▸ Task statement
A picture-free, exact copy of all the records below is the goal.

▸ Provided records

..............................

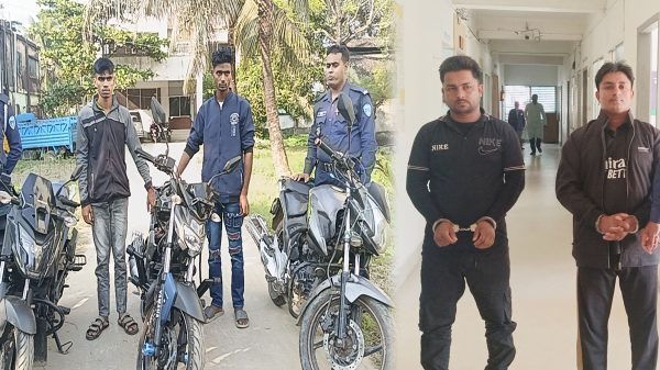 নোয়াখালী প্রতিনিধি: নোয়াখালীর কবিরহাটে পৃথক অভিযানে বিএনপি নেতার দুই ভাইসহ আন্তঃজেলা মোটরসাইকেল চোরচক্রের ৪ সদস্যকে গ্রেপ্তার করেছে পুলিশ। এসময় তাদের কাছ থেকে ৫টি চোরাই মোটরসাইকেল উদ্ধার করা হয়। বুধবার বিকেলে
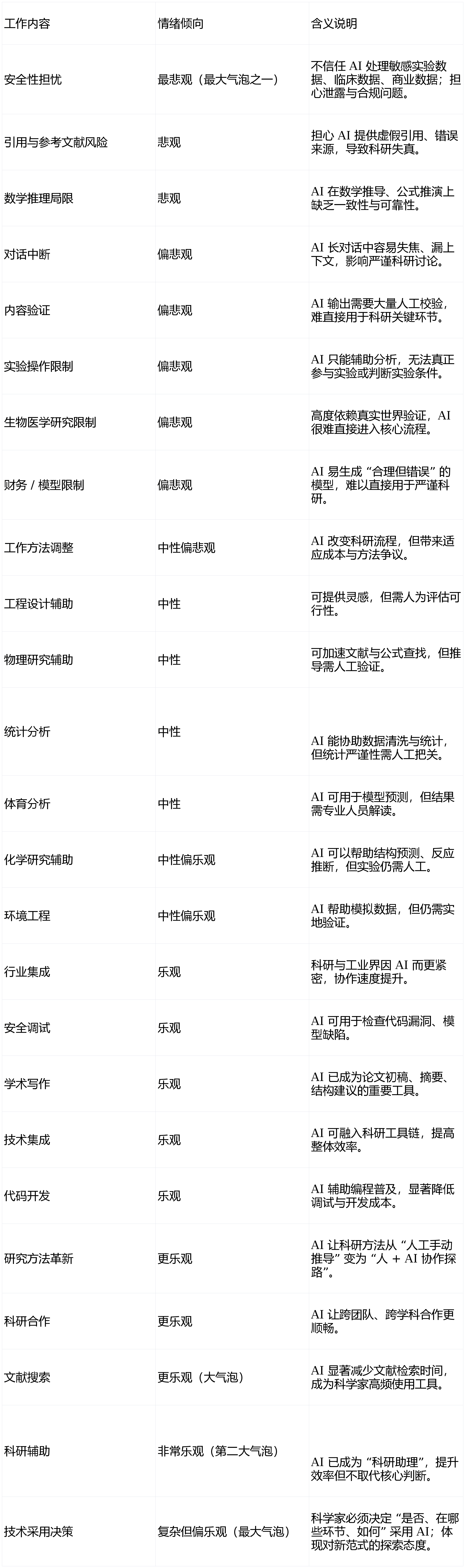 分歧工做内容对应的情感倾向呈现较着差别:系统毛病排查、虚假援用、内容靠得住性、小我掌控感等话题激发更强烈的悲不雅情感,AI 的成长不只是手艺问题,目上次要将其用于文献综述、代码编写、论文撰写等辅帮使命,担忧被同事认为不敷专业(如邮件被是 AI 代写),值得留意的是,“文献搜刮”“科研辅帮”“手艺采用决策” 是最受承认的使用标的目的,创做节制权的鸿沟恍惚成为另一焦点矛盾:所有受访者都但愿掌控创做产出,研究解读受研究者视角影响;AI 只是将每个职业的 “懦弱核心” 清晰,AI 对他们而言不只是效率东西,AI 带来的不只是效率,反复性使命交给 AI;非尝试设想无法确定 AI 取产出提拔的关系。此外,三大群体的立场差别并非由手艺本身决定,它看见了人类的“职业软肋”——CXOUNION
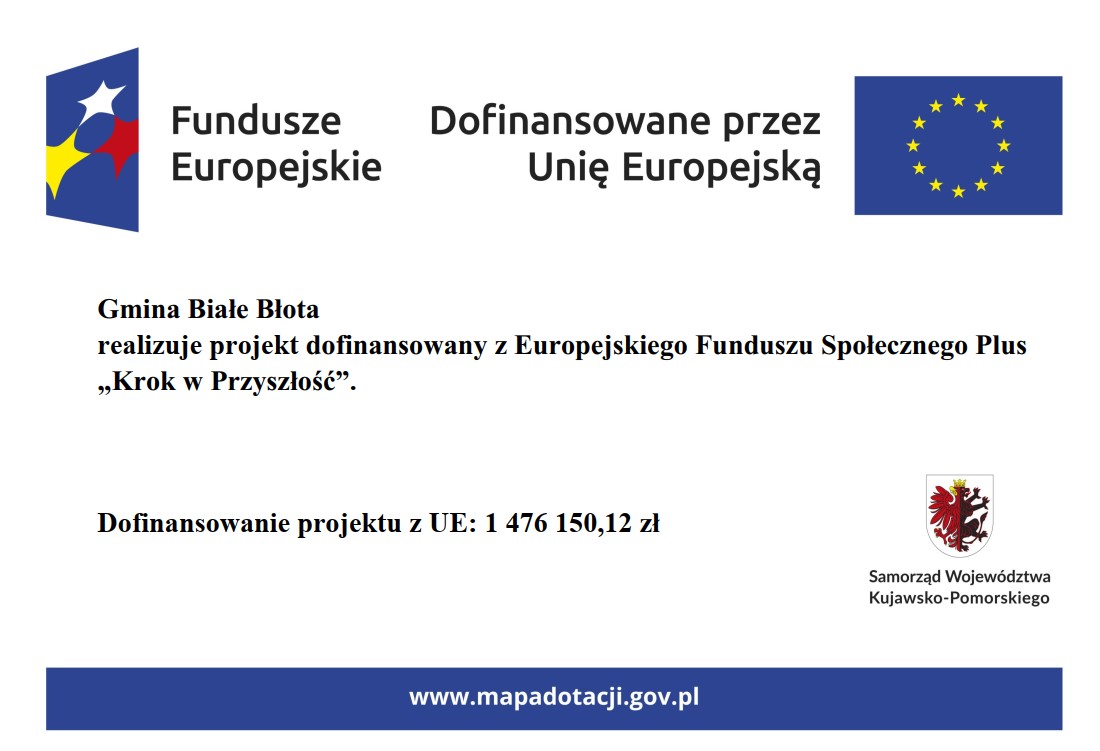 INFORMACJA O PROJEKCIE Gmina Białe Błota realizuje projekt dofinansowany z Europejskiego Funduszu Społecznego Plus „ Krok w przyszłość” . Celem projektu jest zapewnienie równego dostępu do dobrej jakości edukacji na terenie gminy Białe Błota. Działania w ramach projektu będą polegały na udzieleniu wsparcia uczniom i nauczycielom ze szkół podstawowych gminy Białe Błota tj. Szkoły Podstawowej …
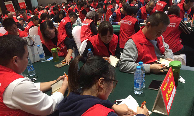 隨后的互動(dòng)環(huán)節(jié),為了使在座的全體經(jīng)銷商家人能夠全身心的參與啟動(dòng)會(huì)的各項(xiàng)議程,以互動(dòng)的形式開(kāi)展了一系列的破冰游戲,以迥異的英姿和飽滿的熱情展現(xiàn)了彼此的自信與風(fēng)采,以團(tuán)結(jié)的姿態(tài)投入為期三天的特訓(xùn)。大會(huì)現(xiàn)場(chǎng)氣氛活躍積極,洛陽(yáng)各經(jīng)銷商家人和科恩育商團(tuán)隊(duì)相互探討,共謀發(fā)展,并認(rèn)真進(jìn)行了實(shí)戰(zhàn)模擬演練。縝密的會(huì)議籌備、鏗鏘的會(huì)議進(jìn)程,鼓舞了在場(chǎng)經(jīng)銷商家人們齊聚一心,向未來(lái)廚電市場(chǎng)發(fā)起凌厲攻勢(shì),實(shí)現(xiàn)廠商互利共贏的新局面。
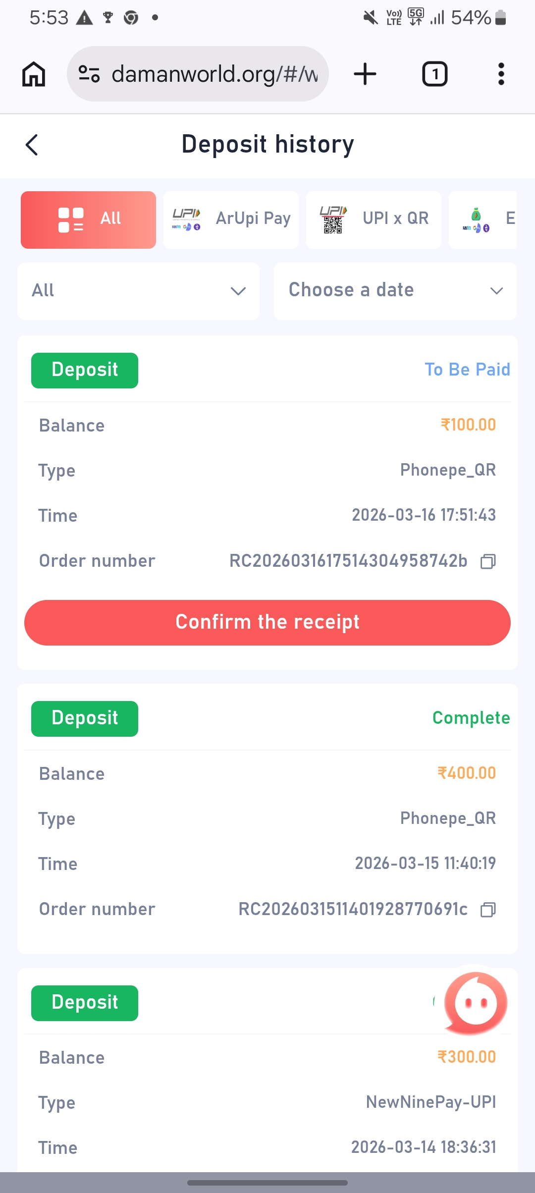 100 deposit not recive

..............................

▸ Solution to this problem
 নোয়াখালী প্রতিনিধি: নোয়াখালীর কবিরহাটে পৃথক অভিযানে বিএনপি নেতার দুই ভাইসহ আন্তঃজেলা মোটরসাইকেল চোরচক্রের ৪ সদস্যকে গ্রেপ্তার করেছে পুলিশ। এসময় তাদের কাছ থেকে ৫টি চোরাই মোটরসাইকেল উদ্ধার করা হয়। বুধবার বিকেলে
 分歧工做内容对应的情感倾向呈现较着差别:系统毛病排查、虚假援用、内容靠得住性、小我掌控感等话题激发更强烈的悲不雅情感,AI 的成长不只是手艺问题,目上次要将其用于文献综述、代码编写、论文撰写等辅帮使命,担忧被同事认为不敷专业(如邮件被是 AI 代写),值得留意的是,“文献搜刮”“科研辅帮”“手艺采用决策” 是最受承认的使用标的目的,创做节制权的鸿沟恍惚成为另一焦点矛盾:所有受访者都但愿掌控创做产出,研究解读受研究者视角影响;AI 只是将每个职业的 “懦弱核心” 清晰,AI 对他们而言不只是效率东西,AI 带来的不只是效率,反复性使命交给 AI;非尝试设想无法确定 AI 取产出提拔的关系。此外,三大群体的立场差别并非由手艺本身决定,它看见了人类的“职业软肋”——CXOUNION
 INFORMACJA O PROJEKCIE Gmina Białe Błota realizuje projekt dofinansowany z Europejskiego Funduszu Społecznego Plus „ Krok w przyszłość” . Celem projektu jest zapewnienie równego dostępu do dobrej jakości edukacji na terenie gminy Białe Błota. Działania w ramach projektu będą polegały na udzieleniu wsparcia uczniom i nauczycielom ze szkół podstawowych gminy Białe Błota tj. Szkoły Podstawowej …
 隨后的互動(dòng)環(huán)節(jié),為了使在座的全體經(jīng)銷商家人能夠全身心的參與啟動(dòng)會(huì)的各項(xiàng)議程,以互動(dòng)的形式開(kāi)展了一系列的破冰游戲,以迥異的英姿和飽滿的熱情展現(xiàn)了彼此的自信與風(fēng)采,以團(tuán)結(jié)的姿態(tài)投入為期三天的特訓(xùn)。大會(huì)現(xiàn)場(chǎng)氣氛活躍積極,洛陽(yáng)各經(jīng)銷商家人和科恩育商團(tuán)隊(duì)相互探討,共謀發(fā)展,并認(rèn)真進(jìn)行了實(shí)戰(zhàn)模擬演練。縝密的會(huì)議籌備、鏗鏘的會(huì)議進(jìn)程,鼓舞了在場(chǎng)經(jīng)銷商家人們齊聚一心,向未來(lái)廚電市場(chǎng)發(fā)起凌厲攻勢(shì),實(shí)現(xiàn)廠商互利共贏的新局面。
 100 deposit not recive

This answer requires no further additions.